The preparation of embodiment 3 cyanoacetic acids (1-dibenzo-p-methyl-aza-cyclobutane-3-yl) ester (intermediate VI)
About 3.05g intermediate (V), 27L tetrahydrofuran (THF) and 1.7kg cyanoacetic acid are dropped in reactor, start stirring, open the cooling of reactor refrigerated water, in reactor, slowly add 3.1kgN, N '-dicyclohexyl diimine, controls temperature at 10 ℃-15 ℃, finish off-response still refrigerated water.Open heating system, be slowly warming up to 55-60 ℃, reaction 10h.Feed liquid is cooled to room temperature, filters, and filtrate is concentrated into dry.16.8L ethyl acetate is dropped in reactor, stirring and dissolving, then washing, anhydrous sodium sulfate drying, filter, and collects filtrate.Reclaim under reduced pressure ethyl acetate, adds petroleum ether and stirring in solid residue, filter to obtain cyanoacetic acid (1-dibenzo-p-methyl-aza-cyclobutane-3-yl) ester (intermediate VI), about 3.19kg.
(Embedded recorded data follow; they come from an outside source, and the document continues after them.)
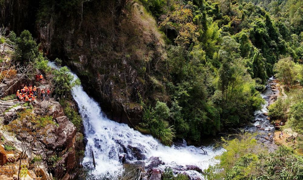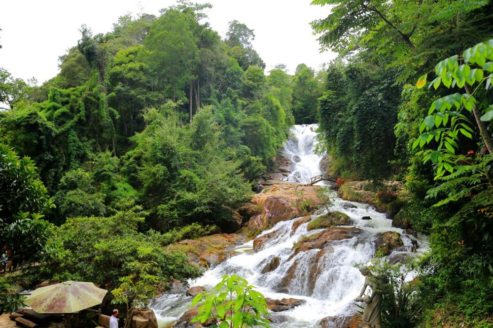 大象瀑布(Elephant Falls)因当地人发现一块形似大象头的巨石而得名。这座多层瀑布位于南班村附近,由于地处偏远,大多数日子里都相对安静。您可以乘坐上午 6 点至下午 6 点从大叻市中心出发的当地巴士前往瀑布。
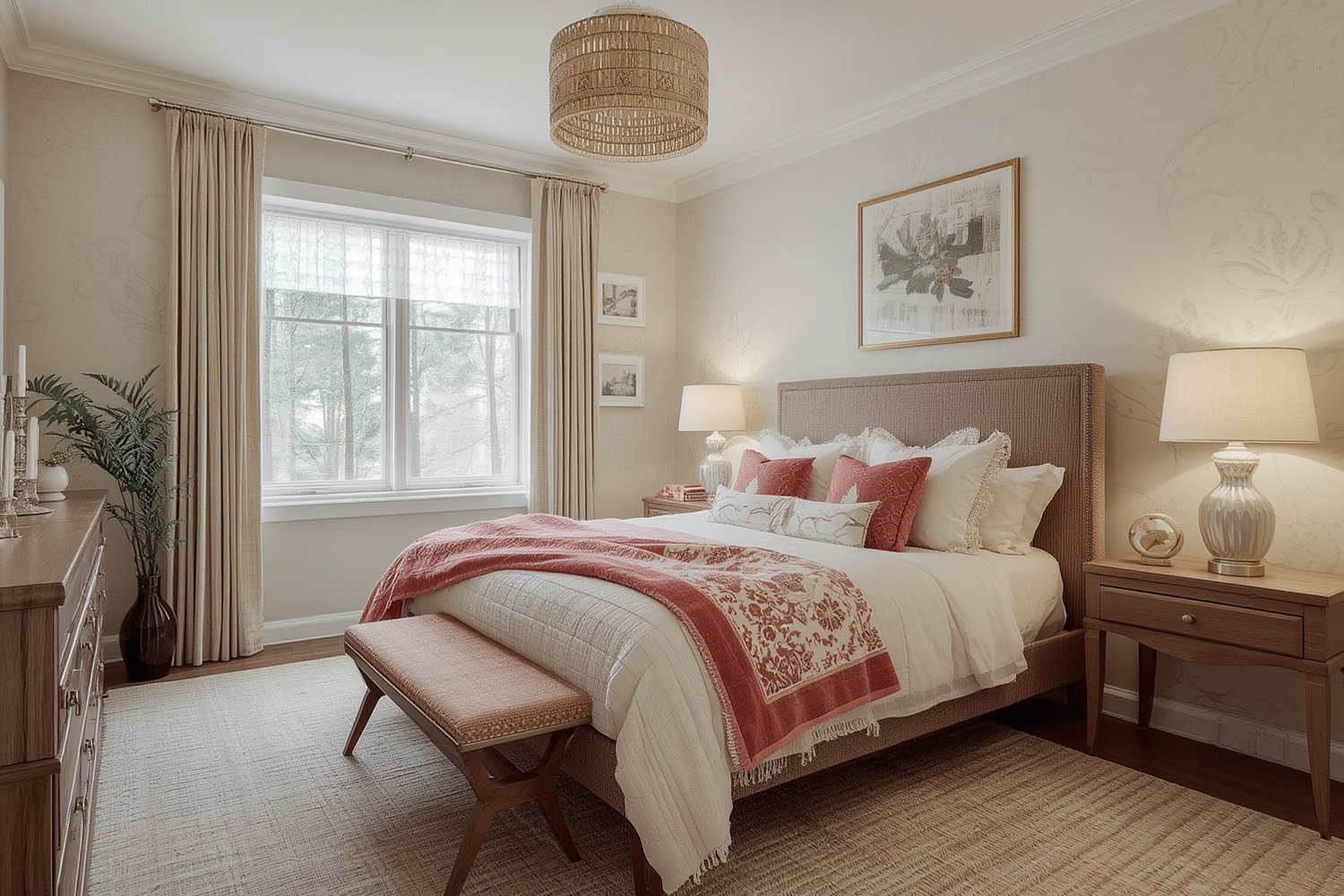 • Nightstands: Position one on each side of the bed for symmetry and storage.
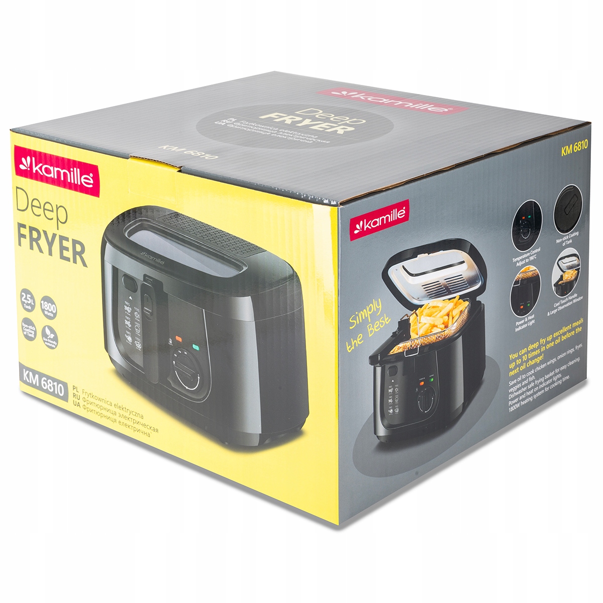 ➡️ Frytownica KAMILLE z pewnością zachwyci wszystkich miłośników przekąsek z ziemniaków i smażonych mięs. Umożliwia usmażenie w kilka minut idealnych frytek - chrupiących z zewnątrz i miękkich w środku. Można w niej również smażyć inne produkty takie jak mięso, ryby, grzyby czy warzywa.
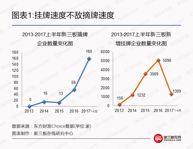 一方面新增企业速度减小,另一方面摘牌企业速度也猛增。2017年上半年共有160家新三板挂牌企业摘牌,其数量远超历年之和。
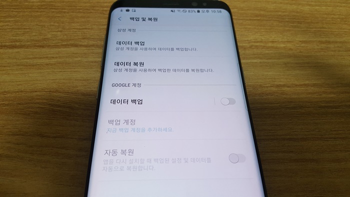 데이터 백업, 자동복원을 모두 비활성화 시킨다
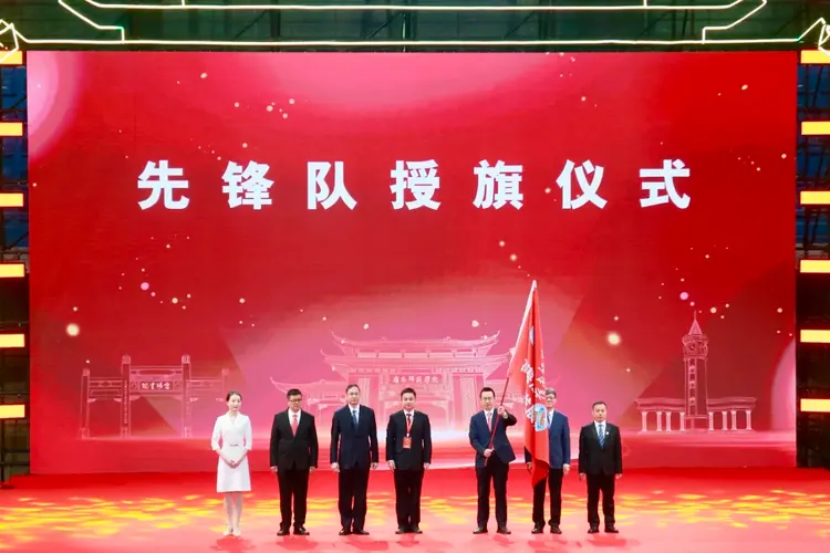 大上还揭牌成立了未来教师教育研究院、湛江市社会工作研究院、人工智能应用创新实训中心,“两院一中心”将为地方经济社会发展注入新活力;该校还与10家单位现场签署了校企战略合作框架协议,推动产学研用深度融合;副市长吴国雄向岭师赋能湛江基础教育高质量发展先锋队授旗。师生代表为学校师范教育120周年献词,送上深情祝福。
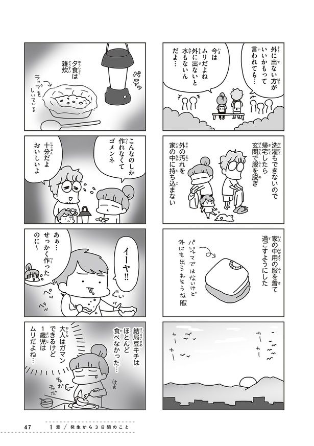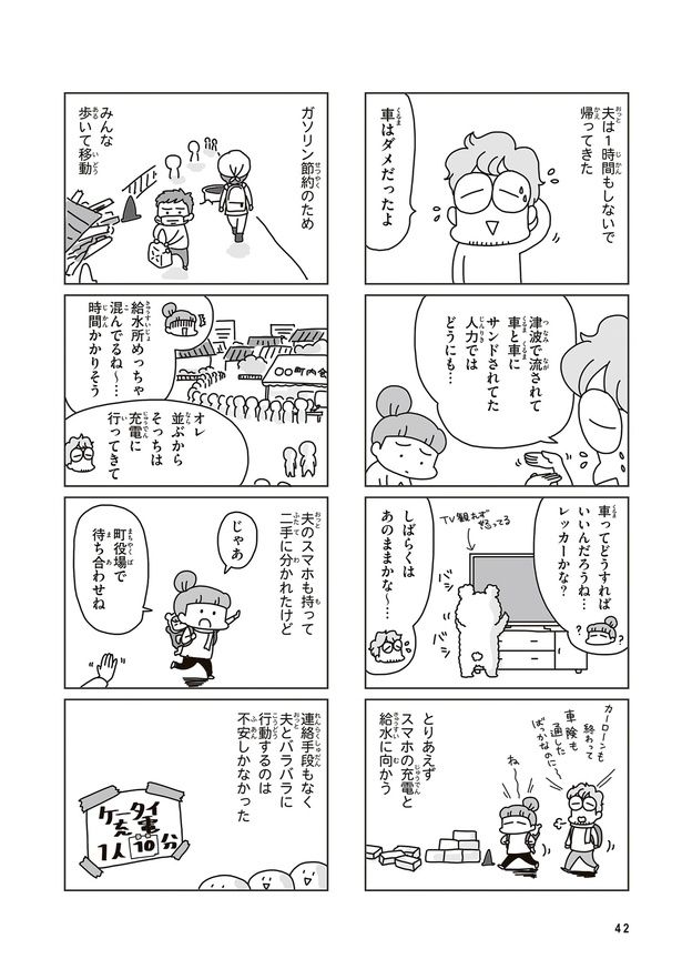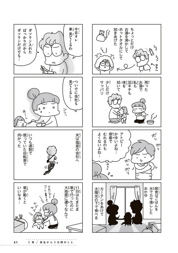 本書は、現在は防災士としても活動する漫画家&イラストレーターである著者が、東日本大震災を経験した当時(2011年3月11日〜4月)の詳細なメモを元にまとめています。
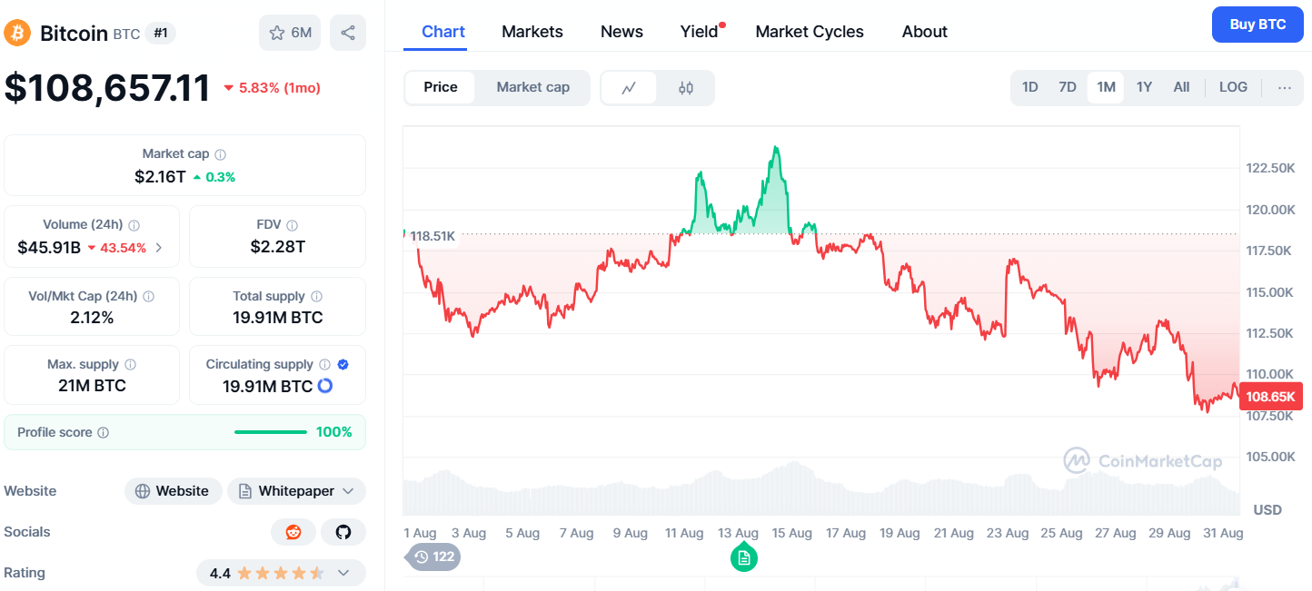 比特幣自 8 月 14 日創下約 124,500 美元歷史新高後,已回調近 13%,並跌破 50 日指數移動平均線(EMA),顯示短期仍有下行壓力。

The preparation of embodiment 4 amidino groups acetic acid (1-dibenzo-p-methyl-aza-cyclobutane-3-yl) ester acetate (VII)
Methylene dichloride 25L, the about 3.19kg of intermediate (VI), ethanol 430g are dropped in reactor, start stirring, be cooled to below 0 ℃, pass into hydrogen chloride gas to temperature-stable below 0 ℃, at 0 ℃ standing 14 hours.Concentrating under reduced pressure is removed most of hydrogen chloride gas and is reclaimed methylene chloride, adds methylene dichloride 25L in reactor residue, stirs, and is cooled to below 0 ℃, passes into ammonia, to temperature-stable, below 0 ℃, filters.Filtrate is poured in reactor, concentrating under reduced pressure reclaims solvent, obtains colourless liquid, adds 22.8L acetonitrile and 905g amine acetate, be warming up to 55-60 ℃ of insulation reaction 1.5 hours, stopped reaction, filtered while hot, filtrate decompression reclaims solvent to dry, in residue, add 3L ether crystallization, filter, dry, obtain the about 3.2kg of amidino groups acetic acid (1-dibenzo-p-methyl-aza-cyclobutane-3-yl) ester acetate (intermediate VII).
Embodiment 5, in reactor, add about 3.2kg intermediate (VII), about 2.7kg intermediate (III), 21L Virahol and 585g sodium methylate, start stirring, be heated to back flow reaction 4 hours, be cooled to below 10 ℃, filter, filtrate decompression reclaims solvent to dry, in residue, add 35L acetic acid ethyl dissolution, washing with 6.5L * 3, emit water layer, to ethyl acetate layer, add anhydrous sodium sulfate drying, filter, collect filtrate, reclaim under reduced pressure ethyl acetate, in residue, add 4.2L toluene, 3.4L normal hexane heating for dissolving, filter, filtrate stirring is down to room temperature crystallization, filter to collect and be dried, product is put in baking oven, 45-55 ℃ dry, obtain Azelnidipine crude product (I), about 2.3kg.
Embodiment 6, refining
8.8L ethyl acetate, 8.8L normal hexane are dropped in reactor, open stirring, about 2.3kg Azelnidipine crude product is dropped in reactor, slowly be warming up to material dissolution, add gac 180g to stir 0.5h, filtered while hot, by feed liquid press filtration, to crystallization kettle, 5.5L ethyl acetate and the washing of 4.5L hexane solution for filter cake, merge with filtrate, be cooled to 0~5 ℃ of crystallization, filter, collect product, dry at 45-55 ℃ of temperature in Hotaircirculatingoven, obtain 2.2g Azelnidipine fine work, high-efficient liquid phase chromatogram technique measuring purity 99.6%.Refining yield is 96.0%.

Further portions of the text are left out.